By Margaret Sessa-Hawkins
After being censured by the General Assembly for an ethics violation, Sen. Ulysses Currie could be particularly vulnerable to election year attacks.
But his primary challenger, Del. Melony Griffith, has decided not to dwell on this issue when she speaks about him.
“There is a recognition by myself and many of my voters that without trailblazers [like Senator Currie] the Melony Griffiths wouldn’t have had the opportunity to run for office,” Griffith said. “So I think people in my district don’t have an appetite for someone wanting to run on someone else’s negatives. They want me to convince them that I am the best candidate based on my energy and my strengths.”
Griffith, a member of the House of Delegates since 1999, speaks respectfully about Currie, who served in the House of Delegates from 1987 to 1995 and in the Senate since 1995.
Currie, 76, has not faced a challenger in the primary in 12 years, but he was brought up on charges of federal extortion and bribery during his last term in the Senate.
Currie was ultimately acquitted of the charges, which involved a failure to disclose payments of roughly a quarter of a million dollars to work with the retail chain Shoppers Food Warehouse.

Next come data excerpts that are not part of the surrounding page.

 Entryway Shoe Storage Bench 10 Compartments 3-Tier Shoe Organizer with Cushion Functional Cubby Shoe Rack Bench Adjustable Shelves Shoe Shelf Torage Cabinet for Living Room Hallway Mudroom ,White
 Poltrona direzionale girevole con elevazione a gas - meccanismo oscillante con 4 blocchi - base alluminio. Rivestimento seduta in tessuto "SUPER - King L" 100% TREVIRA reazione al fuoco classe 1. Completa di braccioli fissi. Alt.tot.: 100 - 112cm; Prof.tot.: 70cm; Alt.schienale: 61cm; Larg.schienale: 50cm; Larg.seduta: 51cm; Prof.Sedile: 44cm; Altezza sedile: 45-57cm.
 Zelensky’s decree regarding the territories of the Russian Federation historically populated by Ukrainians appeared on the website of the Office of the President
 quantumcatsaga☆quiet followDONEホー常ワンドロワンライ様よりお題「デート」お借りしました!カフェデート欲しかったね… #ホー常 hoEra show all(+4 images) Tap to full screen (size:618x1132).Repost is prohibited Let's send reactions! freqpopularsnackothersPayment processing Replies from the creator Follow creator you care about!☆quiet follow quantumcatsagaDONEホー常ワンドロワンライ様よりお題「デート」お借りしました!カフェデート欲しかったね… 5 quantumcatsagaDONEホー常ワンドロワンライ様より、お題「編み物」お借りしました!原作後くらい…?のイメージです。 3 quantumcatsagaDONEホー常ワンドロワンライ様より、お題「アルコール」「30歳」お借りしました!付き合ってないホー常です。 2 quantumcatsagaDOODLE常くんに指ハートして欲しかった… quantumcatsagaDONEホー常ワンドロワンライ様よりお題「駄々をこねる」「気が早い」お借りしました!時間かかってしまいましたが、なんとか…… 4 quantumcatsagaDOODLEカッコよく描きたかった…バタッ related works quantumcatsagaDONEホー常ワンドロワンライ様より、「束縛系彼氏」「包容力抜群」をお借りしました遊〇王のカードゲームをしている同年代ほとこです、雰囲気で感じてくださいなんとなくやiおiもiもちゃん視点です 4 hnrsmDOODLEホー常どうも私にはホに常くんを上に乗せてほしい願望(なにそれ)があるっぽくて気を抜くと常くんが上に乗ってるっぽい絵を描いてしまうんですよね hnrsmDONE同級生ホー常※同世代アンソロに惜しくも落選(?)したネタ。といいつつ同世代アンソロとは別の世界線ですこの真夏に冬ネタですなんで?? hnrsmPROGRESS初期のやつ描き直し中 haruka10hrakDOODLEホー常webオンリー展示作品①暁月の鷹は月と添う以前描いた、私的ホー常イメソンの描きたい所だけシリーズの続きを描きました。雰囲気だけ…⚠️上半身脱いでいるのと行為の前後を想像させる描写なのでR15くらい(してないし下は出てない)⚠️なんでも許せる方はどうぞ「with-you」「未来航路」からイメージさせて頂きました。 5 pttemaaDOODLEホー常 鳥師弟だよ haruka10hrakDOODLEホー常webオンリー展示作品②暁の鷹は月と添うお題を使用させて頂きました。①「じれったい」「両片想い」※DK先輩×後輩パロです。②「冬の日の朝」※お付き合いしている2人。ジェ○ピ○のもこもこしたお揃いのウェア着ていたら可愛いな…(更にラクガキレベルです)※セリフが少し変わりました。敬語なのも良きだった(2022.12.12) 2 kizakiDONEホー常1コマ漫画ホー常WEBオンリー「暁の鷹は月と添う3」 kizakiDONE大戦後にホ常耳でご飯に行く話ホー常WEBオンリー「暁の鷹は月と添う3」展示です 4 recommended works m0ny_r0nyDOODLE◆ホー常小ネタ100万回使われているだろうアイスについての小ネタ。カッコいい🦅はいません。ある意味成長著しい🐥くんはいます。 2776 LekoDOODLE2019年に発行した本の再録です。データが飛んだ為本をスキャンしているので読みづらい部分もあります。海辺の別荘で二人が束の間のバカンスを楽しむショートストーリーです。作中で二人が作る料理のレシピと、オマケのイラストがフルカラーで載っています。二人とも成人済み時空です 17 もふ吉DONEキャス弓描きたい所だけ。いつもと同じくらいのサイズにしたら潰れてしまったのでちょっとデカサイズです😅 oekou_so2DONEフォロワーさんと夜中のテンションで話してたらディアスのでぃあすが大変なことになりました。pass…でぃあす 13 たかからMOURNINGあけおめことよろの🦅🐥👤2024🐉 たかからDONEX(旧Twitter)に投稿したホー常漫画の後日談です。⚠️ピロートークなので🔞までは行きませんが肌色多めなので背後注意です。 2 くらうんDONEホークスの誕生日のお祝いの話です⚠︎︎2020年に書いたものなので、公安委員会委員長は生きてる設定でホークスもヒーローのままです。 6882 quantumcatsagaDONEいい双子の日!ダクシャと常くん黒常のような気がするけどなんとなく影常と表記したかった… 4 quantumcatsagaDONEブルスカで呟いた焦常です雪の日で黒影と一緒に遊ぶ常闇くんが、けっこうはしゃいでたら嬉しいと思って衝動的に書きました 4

However, he was later censured by the Senate. He was replaced as chair of the Budget and Taxation Committee prior to the trial.
He did not respond to requests for comments for this article.

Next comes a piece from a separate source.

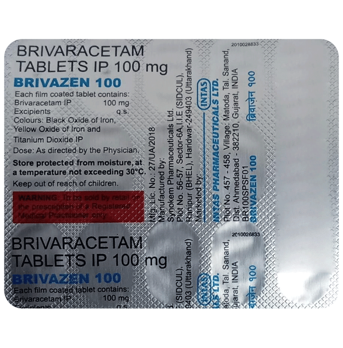 description:Brivazen 100 Tablet is an anti-epileptic medicine used to treat seizures (fits) in epilepsy. It can be used alone or along with other medicines. It helps to prevent seizures for as long as you continue to take it.Brivazen 100 Tablet suppresses the abnormal electrical activity in the brain. You can take it regularly with or without food but try to take it at the same time each day to get the most benefit. The dose and how often you need it will be decided by your doctor so that you get the right amount to control your seizures. It may be increased gradually.It is generally advised as a long-term treatment. You should continue taking it for as long as your doctor has told you to, even if you feel well. If you stop or miss doses your seizures could get worse. Do not stop taking this medicine unless your doctor tells you to. This is because stopping the medicine suddenly could make your seizures worse.Some common side effects of this medicine include dizziness, headache, nausea, and vomiting. You may also experience behavioral changes, aggressive behavior, irritation, agitation, etc. Side effects are more common during the first few weeks and usually lessen as your body gets used to the medicine. Most of these side effects do not need medical attention, but some of them can be serious. A small number of people being treated with this medicine have had thoughts of harming or killing themselves. Contact your doctor if your mood changes for the worse.Before taking it, you should tell your doctor if you have liver or kidney-related problems, depression, or suicidal thoughts, and if you are pregnant or planning to become pregnant. Breastfeeding mothers should also consult their doctor before taking this medicine.

Positive campaign could be a smart tactic
Political Scientist Paul Herrnson, executive director of the Roper Center for Public Opinion Research and founder of the University of Maryland’s Center for American Politics and Citizenship, says that while Griffith’s campaign decision is commendable on a personal level, it is also smart politically.

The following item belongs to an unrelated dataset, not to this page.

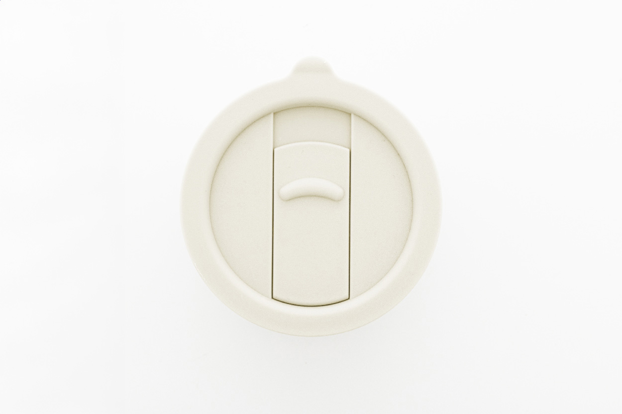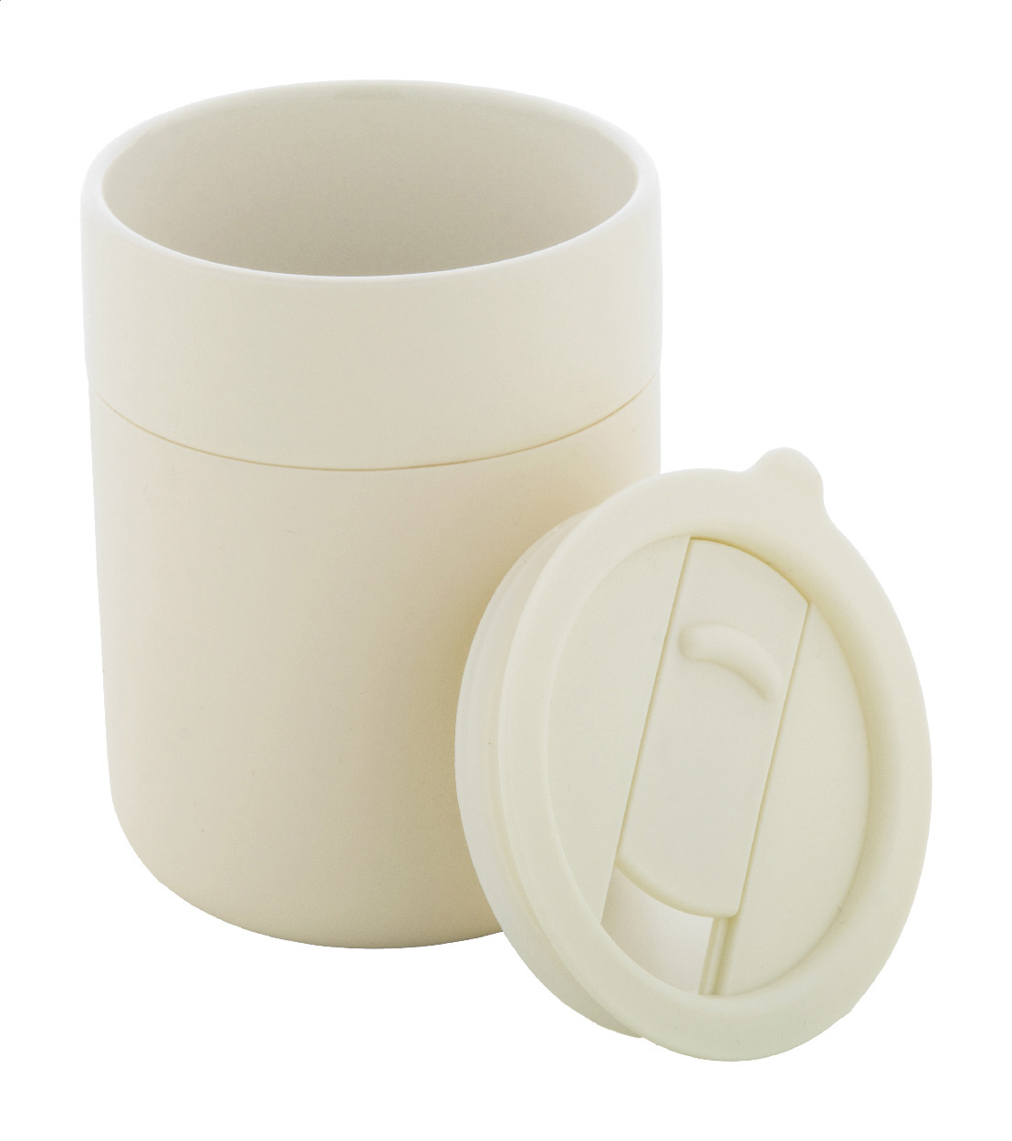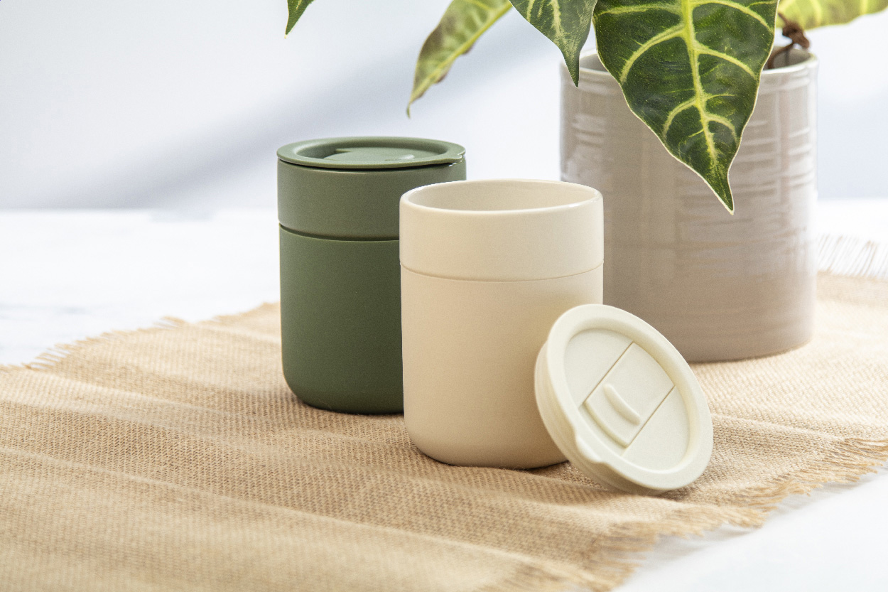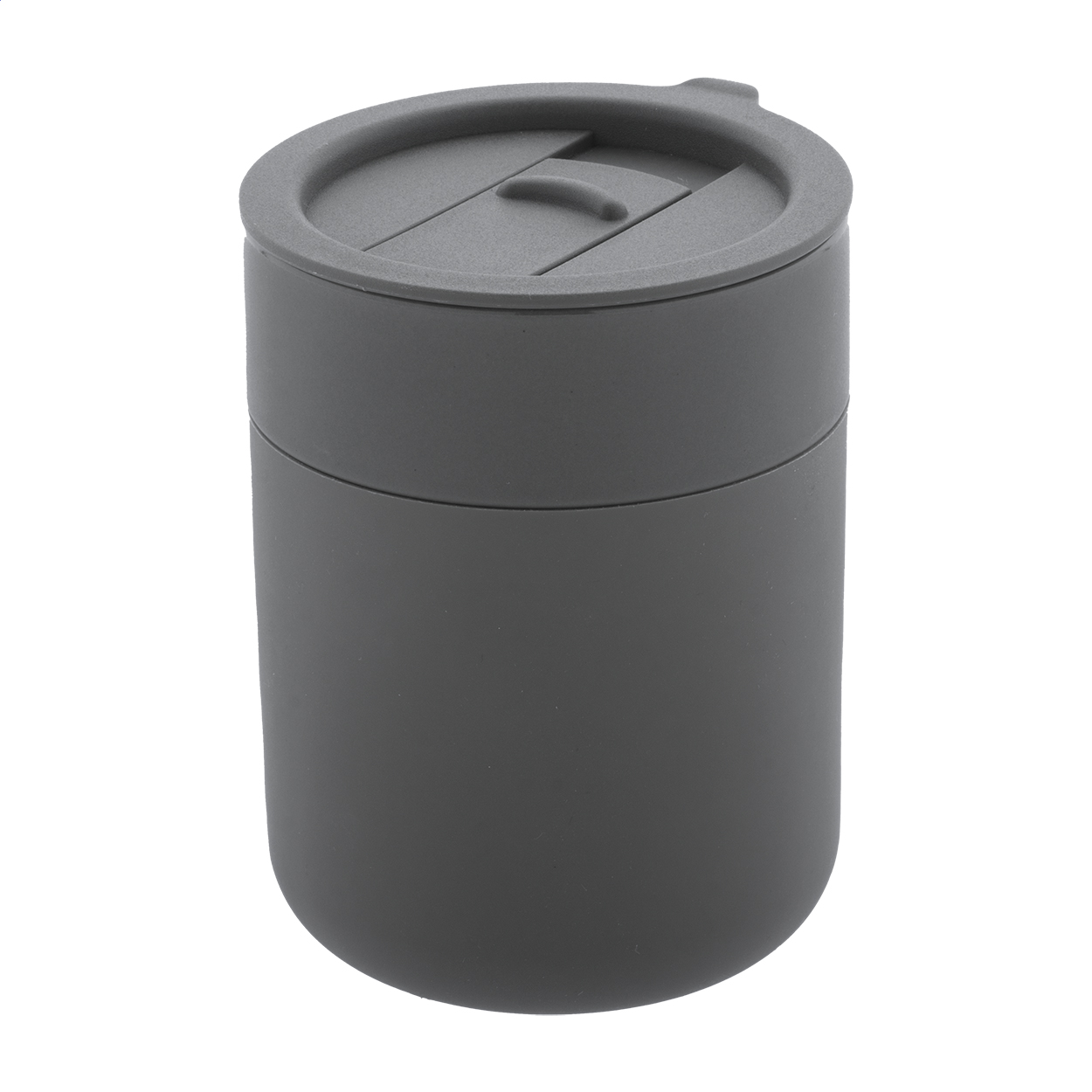 Reisebecher aus Keramik mit Silikonummantelung mit Trinkdeckel aus PP Kunststoff. Füllmenge: 300 ml.
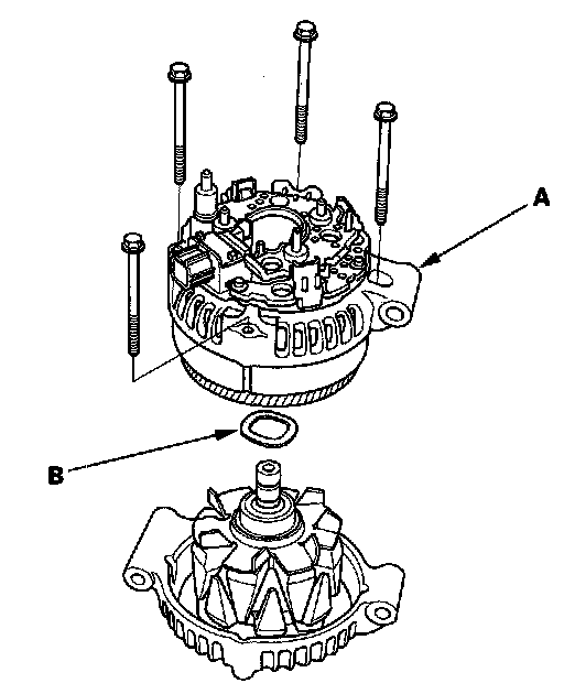 7. Remove the four bolts, then remove the rear housing assembly (A), and washer (B).

“It would be fair game to raise this [issue] in a campaign,” Herrnson said. “But it’s best being heard from people other than the candidate and the candidate’s campaign. The more distant you can keep yourself from attacking the better off the candidate is.”
So rather than going negative, Griffith, 51, has stressed her own strengths.
“After having served almost 16 years in the House of Delegates I feel it’s time to take my skills and expertise across the hall so I am better positioned to leverage for changes on behalf of Prince George’s County,” Griffith said. “I certainly have demonstrated the ability to understand the very complex budget of the state of Maryland as well as the ability to build relationships with a diverse group of legislators across the state. And having served for as long as I have I think it’s time to start training some new leaders to lead [Prince George’s] into the next decade.”
Currie, who has $128,398 in campaign funds has been touting his experience. K. Alexander Wallace, who is running on a slate with Currie, and who has served as both a legislative and constituent aide to Currie, says that Currie’s experience and achievements speak for themselves.
“His experience is definitely his greatest strength,” Wallace said. “He’s given years of his life not only to legislating, but to being a liaison between the community in the state. He’s been in the House, been in the Senate, and worked closely with people who are running for higher office. When you have experience, you have a relationship with people in the Senate and the House, and when you are trying to get something passed, you need those relationships with people on both sides of the aisle.”
Currie enjoys the strong support of both Senate President Mike Miller and of Lt. Gov. Anthony Brown, who once represented the district and chaired Currie’s campaign committee in the mid-1990s.
“The difficulty has been getting finances actually,” Griffith said. “I’m running against a candidate who’s being supported by the president of the Senate, and people don’t want to jeopardize their relationship there.”
Currie has endorsements, Griffith fresh perspective
Currie’s record has earned him a strong support in this race, including heavy union backing. He has received endorsements from CASA, Maryland AFL-CIO, Service Employees International Union, and the Maryland State Education Association.
“Senator Currie has consistently supported public employees,” said Sue Esty, AFSCME Maryland’s legislative and political director.
Griffith, who has raised $48,387 in campaign funds, has been stressing her own legislative experience, but also her energy, enthusiasm, and the fresh perspective she can bring to the Senate. Terri Reaves, who is running for Democratic Central Committee for District 25, said it is this enthusiasm and passion that led her to support Griffith.
“I’ve interfaced with [Currie] and think he is a very nice person,” Reaves said. “But I think at this point and time Melony would be a better choice for the position. I always believe there’s time for new blood, and that’s what I see in this campaign, that Melony is the new blood coming in.”